BDSM isn’t abuse, because it’s between consenting people who’re enthusiastic about what they’re doing – it gives benefit to everybody involved. If anyone isn’t consenting, or they’re unwilling to participate, you should stop and talk. Continuing without someone’s consent is never OK and is abusive. If you’re tying someone up, or being tied up yourself, you should take care to look after everybody involved, particularly if someone is binding their chest or has recently had surgery etc. Never use tight restraints across someone’s chest if they’re binding, or any part of their body which is sore or delicate.


 

If you or your partner has an anxiety disorder or is prone to panic attacks, make sure anyone being restrained is able to escape safely as soon as possible if they get too anxious or panicked.
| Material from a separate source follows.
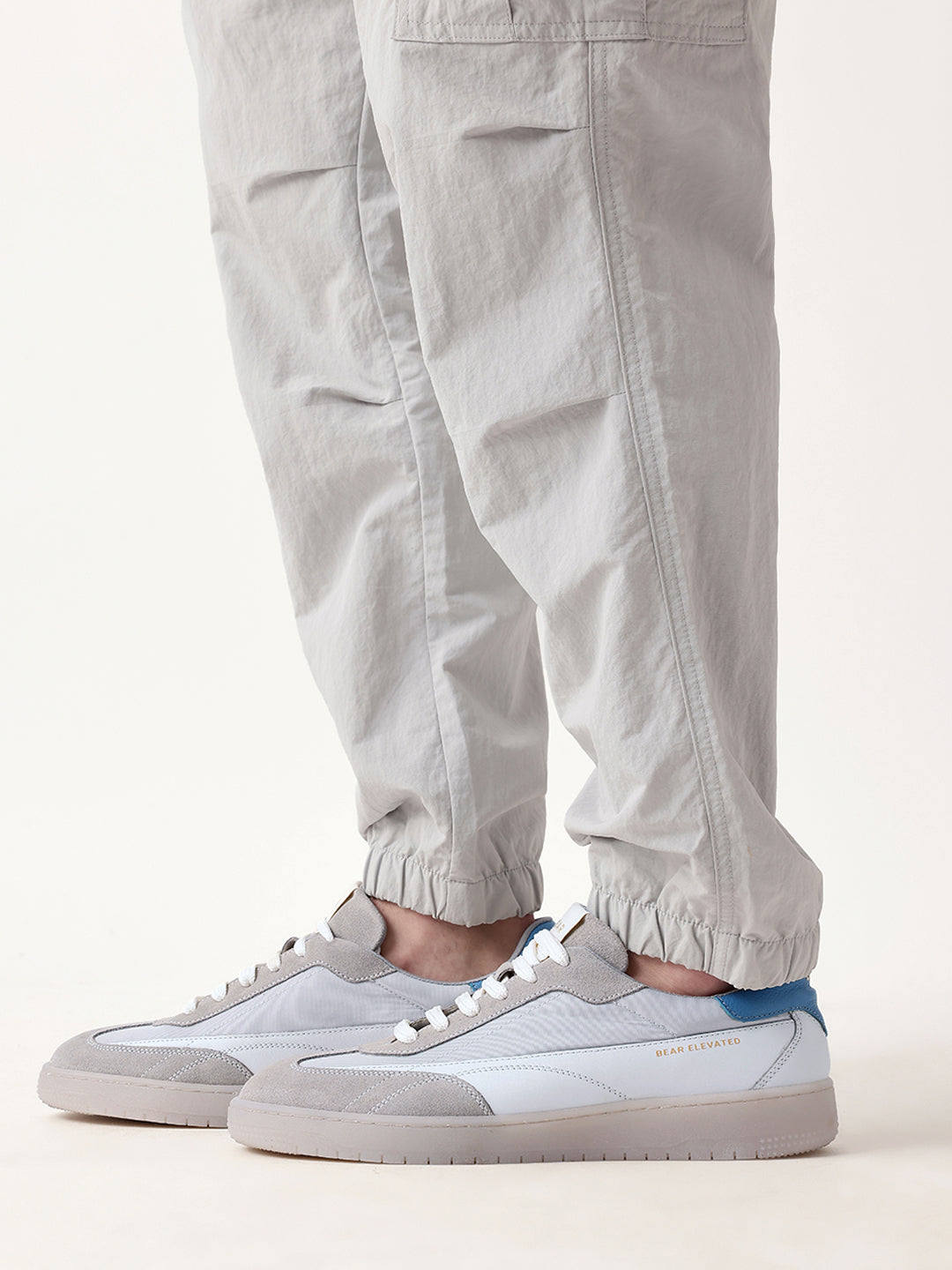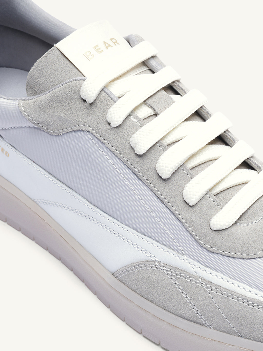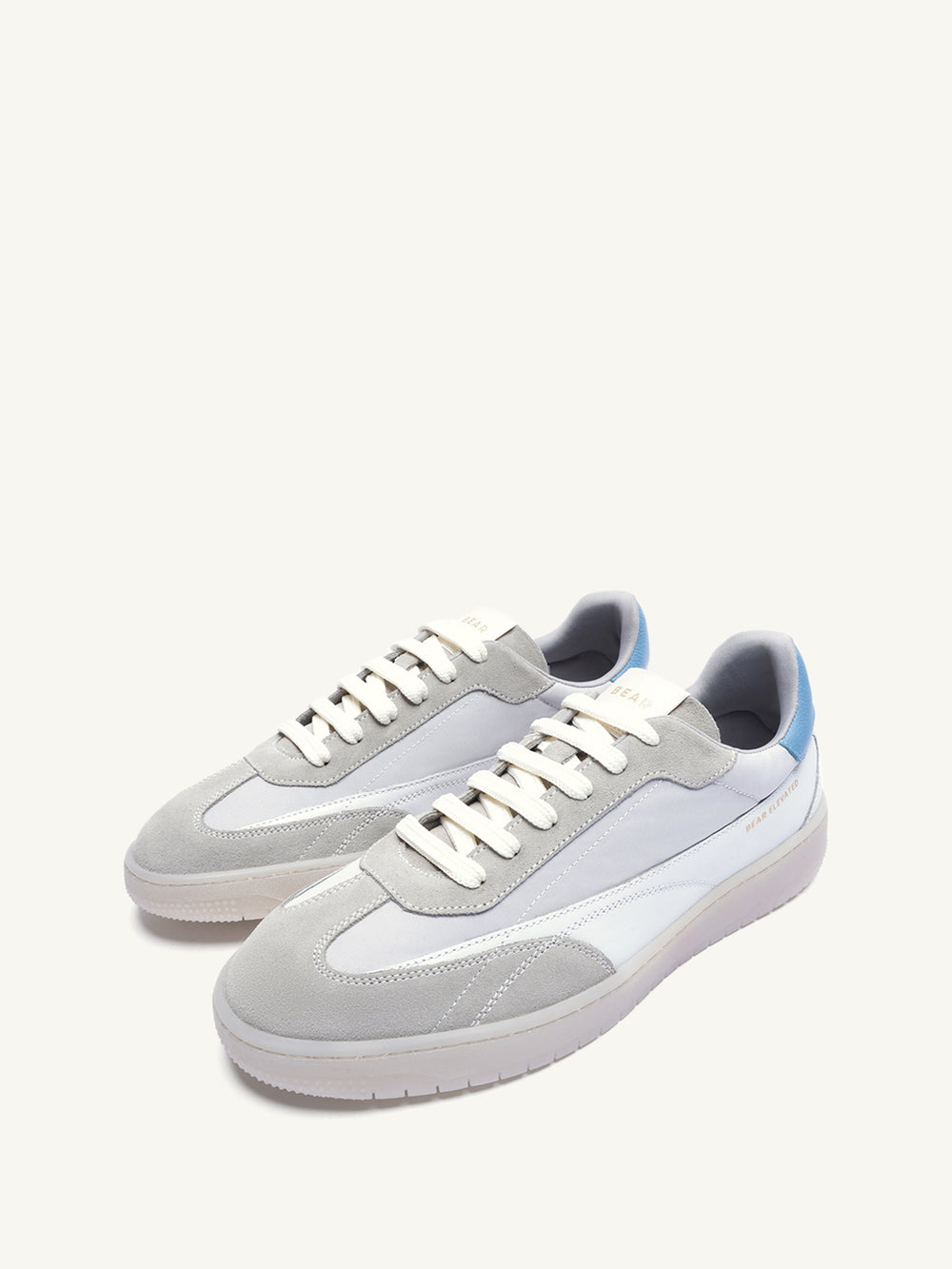 Grey & White Suede Lace-Up Sneakers with Contrast Blue Leather Detail
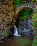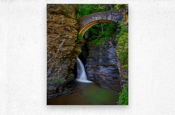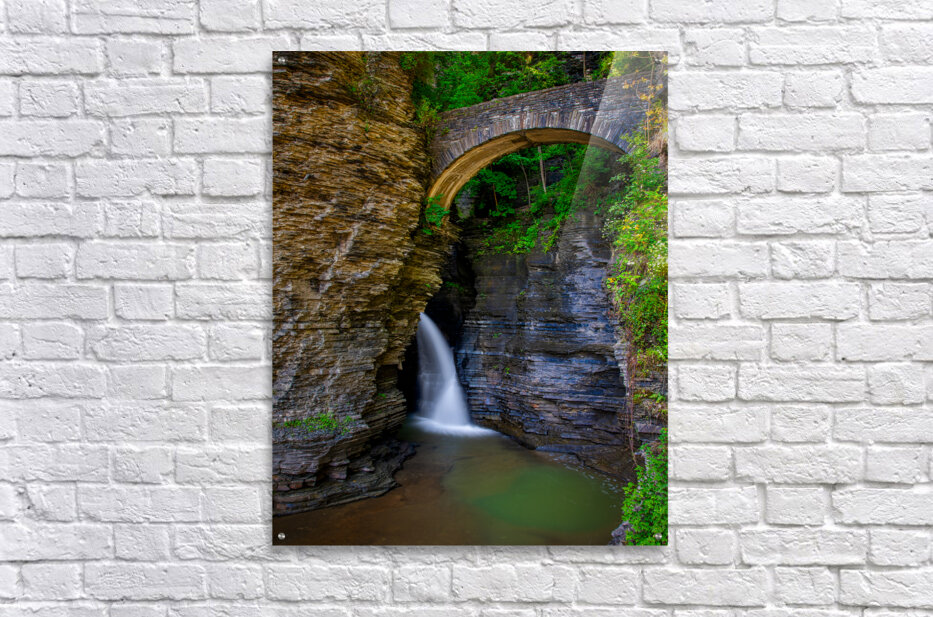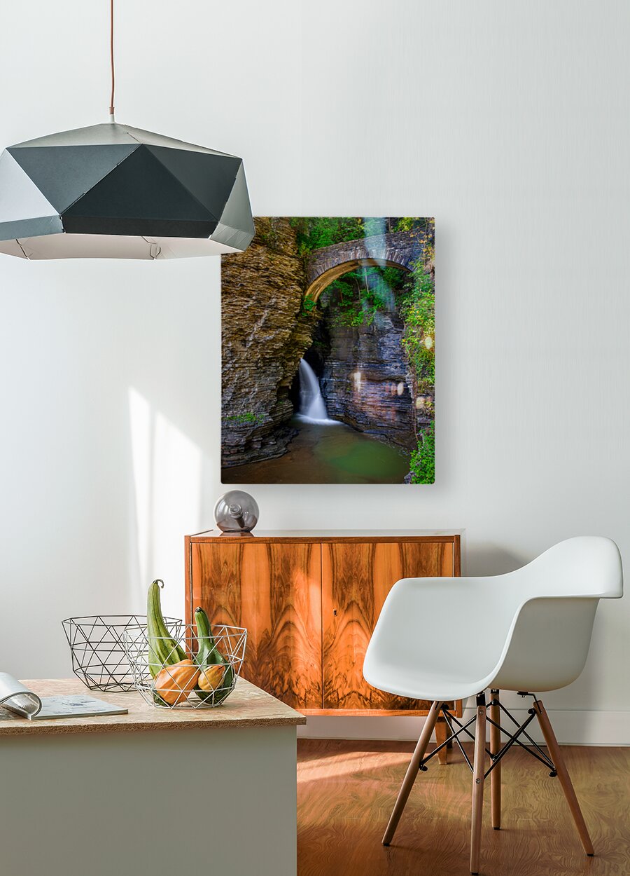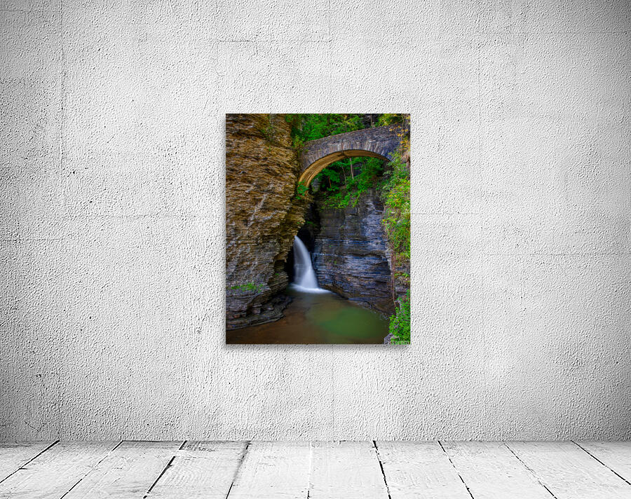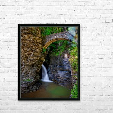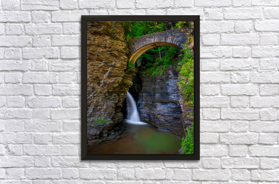 Get this artwork "Watkins Glen Suspension Bridge cascade" in a framed print.

Some people perform BDSM around others or in public – be aware that without the consent of people around you, you 20 could upset someone, if for example they find what you’re doing to be traumatic or triggering, as well as making them uncomfortable. Before trying any of this, you should make sure what you’re doing is safe, and you can manage if things go wrong. Also, if you or your partner is tired or needs support after any sex, including when BDSM is involved, make sure you get the aftercare and support you or they need.